My installation of Kaspersky Pure 3.0 has detected the current version of wintoolkit as UDS:DangerousObject.Multi.Generic. This is a generic alert generated by the Kaspersky Security Network. Is this a false positive?

Thanks

 

Andrew.

[andrum99]

Further malicious activity has been detected by Kaspersky once I installed WinToolKit and the Kaspersky Security Network now red flags the installer with a more serious warning. DO NOT INSTALL THIS PRODUCT. I am an IT professional with 20 years experience - I know a bad app when I see one. GIve this site and the product as wide a bearth as you can.

 

I expect someone will be along soon to either deny this is the case, or to simply delete this message.

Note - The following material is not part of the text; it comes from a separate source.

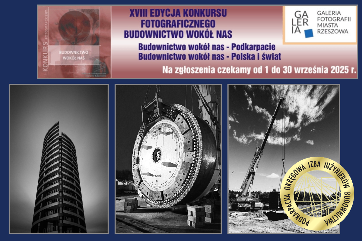Co można fotografować ? Nowoczesne i historyczne obiekty, procesy budowlane, detale konstrukcyjne i materiały budowlane! XVIII edycja konkursu fotograficznego „Budownictwo wokół nas" - wyślij swoje fotografie i zgłoszenia w terminie od 1 do 30 września 2025 r. ma adres e-mailowy: organizacja@inzynier.rzeszow.pl. Pokażcie nam, jak widzicie budownictwo w codzienności i wygrajcie nagrody! ...więcej>> |

Please contact me via my blog (andrum99.blogspot.co.uk) if you have concerns about this notice and to confirm that this message is genuine.

 

You have been warned!

 

Andrew Pattison

FIfe, Scotland.

[Kelsenellenelvian]

Not denying anything there is adware in the installer, however did you notice there is a 7zip package no installer version???

 

Your insinuation that people should avoid this site is very troubling as you (Especially claming to be a "Expert") failed to fully investigate this matter.

 

Posted a reply on your blog.

[dareckibmw]

@Kelsenellenelvian

 

He removed your both posts in his blog. What did you tell him?   

[Kelsenellenelvian]

He removed my comments on his blog. 

 

This guy barely looks 30 and claims he has 20 years it experience and acts like a child.

 

I am not going to ban him and give him the satisfaction he is looking for, but by deleting my comments off of his blog he proves he is full of crap.

[Kelsenellenelvian]

I called him out for not investigating the matter fully (The 7z file) and also for defaming WinCert by his posts here to avoid this site. I also said we never denied the adware in the installer.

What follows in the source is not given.